First Circuit Rejects Professor’s First Amendment Challenge to Maine Law Governing University Collective Bargaining

by John M. Simpson.

On October 4, 2019 the U.S. Court of Appeals for the First Circuit affirmed the judgment of a district court dismissing an action brought by an economics professor at the University of Maine at Machias seeking to invalidate, on First Amendment grounds, a Maine statute that governs the collective bargaining process between the University of Maine system and its faculty.  Reisman v. Associated Faculties of the Univ. of Maine, No. 18-2201 (1st Cir. Oct. 4, 2019).    Under the Maine statute, which parallels the federal National Labor Relations Act, a union that is selected in an election as the agent for the members of a collective bargaining unit becomes the exclusive bargaining representative with respect to wages, hours , working conditions and grievances.  While no member of the unit is  obligated to join the union, the union is required to represent all members of the unit without regard to membership.  Plaintiff, who had resigned his membership in the union due to disagreement with some of its positions, argued that the statute was unconstitutional because it allegedly compels him to associate with the union, compels him to speak and to petition the government and attributes the union’s speech to him.  The plaintiff’s argument relied heavily upon the U.S. Supreme Court’s recent decision in Janus v. American Fed’n of State Cty., & Mun. Employees, Council 31, 138 S. Ct. 2448 (2018), which held that a federal statute requiring a public employee to pay an agency fee to a union serving as the exclusive bargaining agent for a public-sector unit was invalid on First Amendment grounds.

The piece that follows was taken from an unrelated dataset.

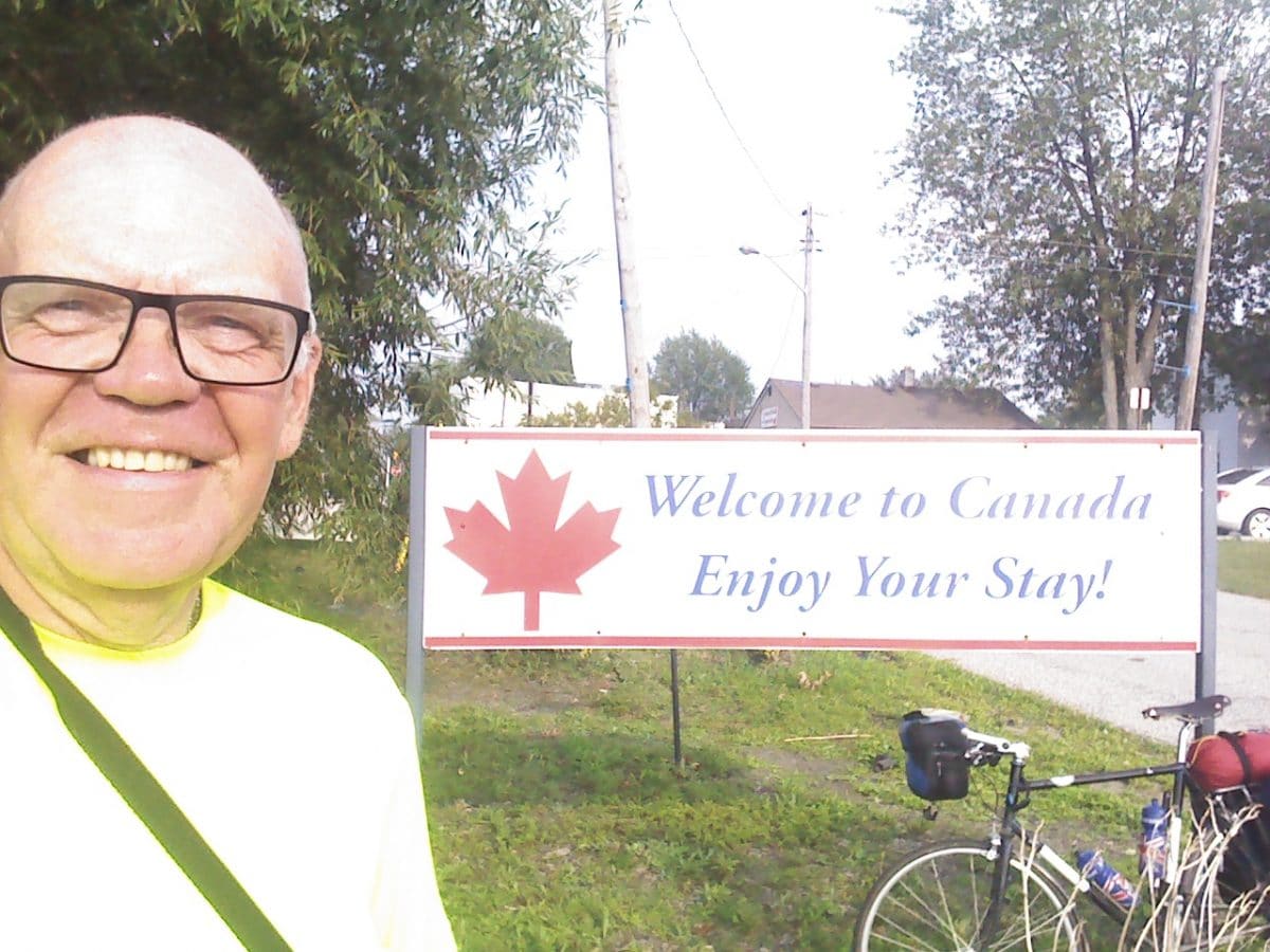 [dropcap]C[/dropcap]anada! After 3,060 miles in 33 days, without any days off, averaging just under 93 miles each day, I’ve reached the lovely home of a distant cousin on the northern shore of Lake Eire.

The First Circuit rejected the plaintiff’s argument that the Maine statute converted the union into plaintiff’s personal representative and therefore required him to associate with the union whether or not he agreed with its positions:

Considered in context, then, § 1025(2)(E) is not properly read to designate AFUM as Reisman’s personal representative, as he contends.  Rather, that provision merely makes clear that a union, once it becomes the exclusive bargaining agent for a bargaining unit, must represent the unit as an entity, and not only certain of the employees within it, and then solely for the purposes of collective bargaining.

Slip op. at 9-10.

The court also did not agree with plaintiff’s further argument that, even if the union was simply the representative of the unit, as opposed to members individually, it still infringed upon his rights of association.  This was contrary to prior Supreme Court and First Circuit decisions that had found no violation of associational rights when an exclusive bargaining unit speaks for the entire bargaining unit.  See  Minnesota St. Bd. for Community Colleges v. Knight, 465 U.S. 271 (1984); D’Agostino v. Baker, 812 F.3d 240 (1st Cir. 2016).

As to the Janus decision itself, the court seemed to agree with the defendants’ position that Janus was distinguishable because it involved the mandatory payment of fees (union check-off’s), but, in any event, the point was waived for lack of development.